En lugar de eso, es indispensable reconocer la crisis ecológica en primer término como un indicio claro de un problema más fundamental: las normas de producción y consumo del Norte global, que se han formado con el capitalismo y finalmente se han generalizado, solo pueden mantenerse –aun en la variante moderna ecologizada– a costa de cada vez más violencia, destrucción ecológica y sufrimiento humano. Y esto solo se conseguiría en una pequeña parte del mundo. Debido a la política autoritaria, que sigue apostando por la valorización de la naturaleza y la división social, presenciamos ahora una acumulación de contradicciones sin precedentes. La reproducción de la sociedad y de sus bases biofísicas puede ser asegurada cada vez menos mediante el imperativo de crecimiento capitalista. Estamos viviendo una crisis de la gestión de crisis, una crisis de hegemonía y una crisis del Estado.

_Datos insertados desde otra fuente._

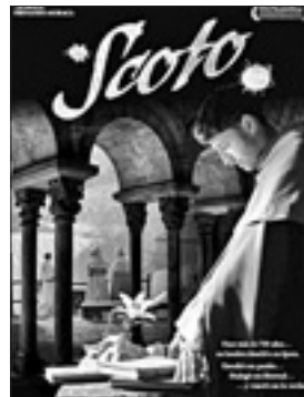
La locandina del film «Duns Scoto» (2011)

rebbe dirci in che misura la libertà umana trascende le relazioni naturali tra causa ed effetto, dovrebbe spiegare la base psicologica di quella possibilità di trascendere la natura e dovrebbe sviluppare le sue implicazioni per l'etica. La teoria scotiana, secondo l'autore dell'articolo, risponde a queste esigenze, considerando la libertà come un fenomeno ben distinto dalla natura. I teologi cristiani hanno sempre sostenuto che l'uomo trova la sua perfezione nella beatitudine celeste, dove tutto il desiderio umano sarà appagato. «Se il fine ultimo dell'esistenza umana è questa suprema felicità — continua lo studioso — allora il desiderio della felicità ha certamente un «significato morale». Credo che gli scolastici fossero tutti d'accordo su questo. Nonostante ciò, non per tutti il desiderio della felicità ha un valore morale. Per Tommaso, il desiderio della felicità non può mai essere repressibile, giacché l'uomo per sua natura non può fare a meno di desiderare la felicità; sostiene addirittura che tutte le azioni umane sono motivate, in ultima analisi, dal desiderio della felicità. Tuttavia in tal modo diventa più difficile, per Tommaso, spiegare come si può amare in modo autenticamente gratuito, se tutto è motivato da un bene proprio. Duns Scoto, invece, ammette che è del tutto possibile agire per un
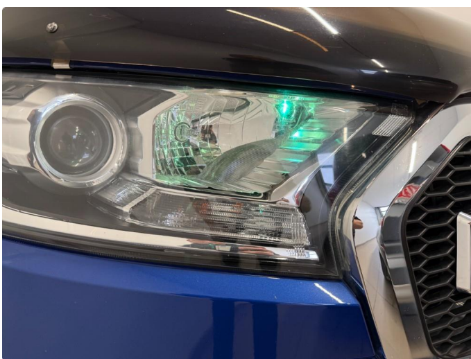
2.1 Feil farge parklys foran.
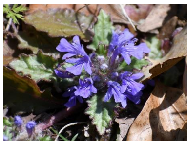
キランソウ(シソ科)★

園内でよく目にするスミレの一つです。葉裏が紫色なので「紫背(しはい)」スミレと名付けられました。
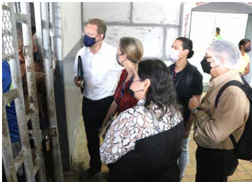
La jornada forma parte de la primera fase de entrevistas de expertos del John Jay College of Criminal Justice.

Esta iniciativa se lleva a cabo en El Salvador, Guatemala, Honduras y Panamá para contextualizar las experiencias de las personas privadas de libertad y proporcionar insumos para futuras políticas públicas.
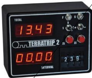
Tripmaster nicht rein mechanisch
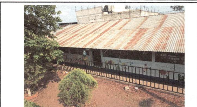
Foto 2: desmontado e instalación de lámina y estructura nueva de 3 aulas del módulo de preprimaria
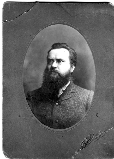
Dr. Jonas Šliūpas Amerikoje

jis dalyvavo Stokholmo lietuvių konferencijoje, skelbdamas, kad Lietuva turi būti visiškai nepriklausoma. 1918 m. rugpjūčio 29 d. JAV Senato posėdžių protokoluose išspausdintas
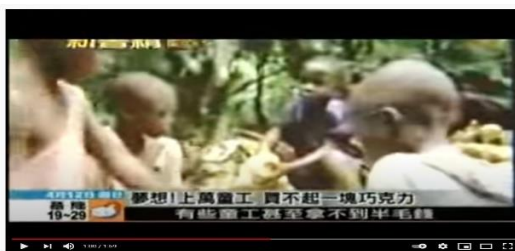
甜美巧克力背後童工辛苦血汗
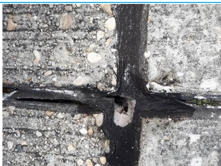
Matériaux : ZPSO-005 Prélèvement : P005 Description : Joint de dilatation Localisation : Parking Bravo Résultat : Absence d'amiante
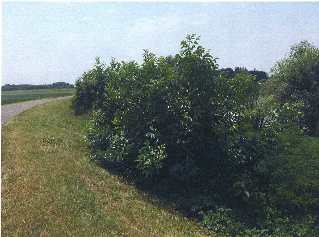
Arginatura FIUME OGLIO
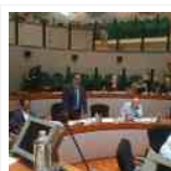
Regione Marche, approvato il Piano
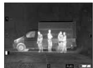
Identifikation von Personen

Numerosas alternativas responden a esta crisis. Estas alternativas deben ser valoradas en virtud de su aptitud para ser generalizadas y su eficacia social. ¿Hasta qué punto se vislumbran en los movimientos por la democracia energética, la soberanía alimentaria o la economía solidaria, por nombrar algunos, los contornos de una socialización democrática en un sentido fuerte? Esta sería una sociedad basada en el principio de que todos los afectados por las consecuencias de una decisión participen en igualdad de derechos a la hora de tomarla. Y solo un principio de regulación social semejante constituye una respuesta adecuada al modo de vida imperial, que se ha convertido en insostenible.